What you have to do:
Your copy should repeat the data that follows exactly and contain no image.

Information shown:
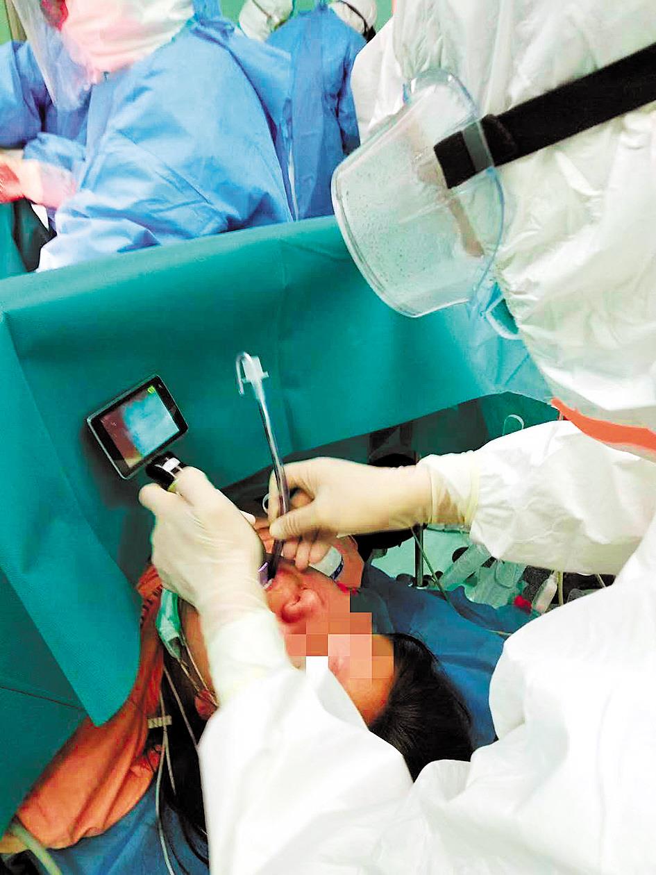 麻醉团队为危重症患者气管插管。 (武汉市中心医院供图)
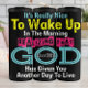 This grateful design states "It's Really Nice To Wake Up In The Morning REALIZING THAT GOD Has Given You Another Day To Live." "To Wake Up" is in yellow, "REALIZING THAT" is pink, and "GOD" is a prominent teal. The text emphasizes appreciation for each new day as a divine gift.
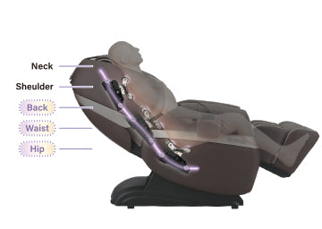 このチェアのフレキシブルな軌道と4Dマッサージ機構は、肩から足先まで包括的なトリートメントを提供します。

Solution:
 麻醉团队为危重症患者气管插管。 (武汉市中心医院供图)
 This grateful design states "It's Really Nice To Wake Up In The Morning REALIZING THAT GOD Has Given You Another Day To Live." "To Wake Up" is in yellow, "REALIZING THAT" is pink, and "GOD" is a prominent teal. The text emphasizes appreciation for each new day as a divine gift.
 このチェアのフレキシブルな軌道と4Dマッサージ機構は、肩から足先まで包括的なトリートメントを提供します。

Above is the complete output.